Oftentimes, those who experience sleep paralysis also report hypnagogic hallucinations, or waking up and seeing something from their dream in their bedroom, Barrett said. “Anything from the dreamscape can be superimposed on their real visual field.”
These incidents can occur randomly, but experts noted that they are more common in people with narcolepsy, a sleep disorder characterised by excessive drowsiness and sudden episodes of sleep during the day. If you notice that the sleep paralysis or hallucinations are happening more frequently, talk to a doctor. “It can be a first sign before you ever have the sleep attacks,” Barrett said.
Why do only some people remember their dreams?
People who are awakened while they’re dreaming may be more likely to remember because being awake, even briefly, can allow them time to commit the dream to memory, Eiser said. “In some way, the dream gets lost if you wait too long after it happened.”

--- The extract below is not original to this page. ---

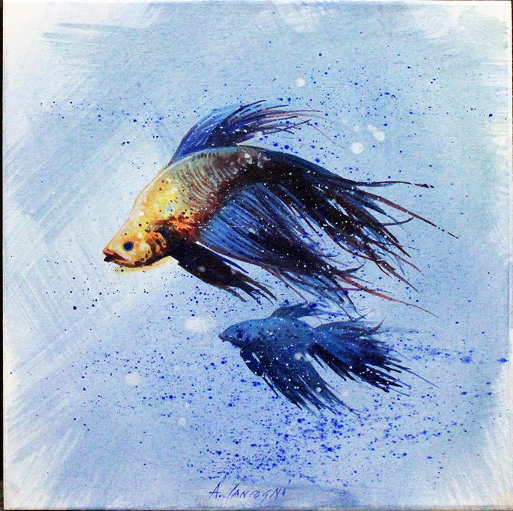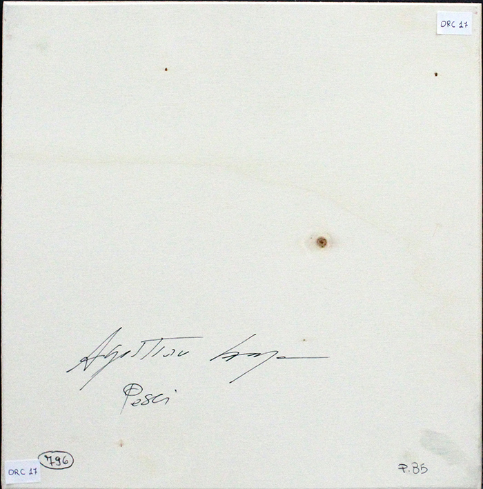 AGOSTINO CANCOGNI, "Pesci", anni 2000, olio su tavola, 30x30. Al fronte: firma in basso al centro, al verso: firma e titolo in basso al centro, autentica su foto dell'artista

People who sleep for shorter amounts of time tend to remember fewer dreams, Barrett said, because they may spend less time in REM sleep and also because they are less likely to wake from a dream since they are potentially sleep deprived.
Personality traits, such as being more introspective, and the importance people place on dreams may also play a role, experts said. “If you’re more open to thinking dreams are okay or important, then you’ll talk about them,” Domhoff said, which can lead to dreams becoming more salient.
But if you don’t tend to remember dreams, it may be beneficial to try to, Barrett said. “Overall, if you had to go with one state of consciousness, I’d go with my waking mind as the most useful,” she said. “But I think dream ideas are useful just because they’re so different from our usual approach.”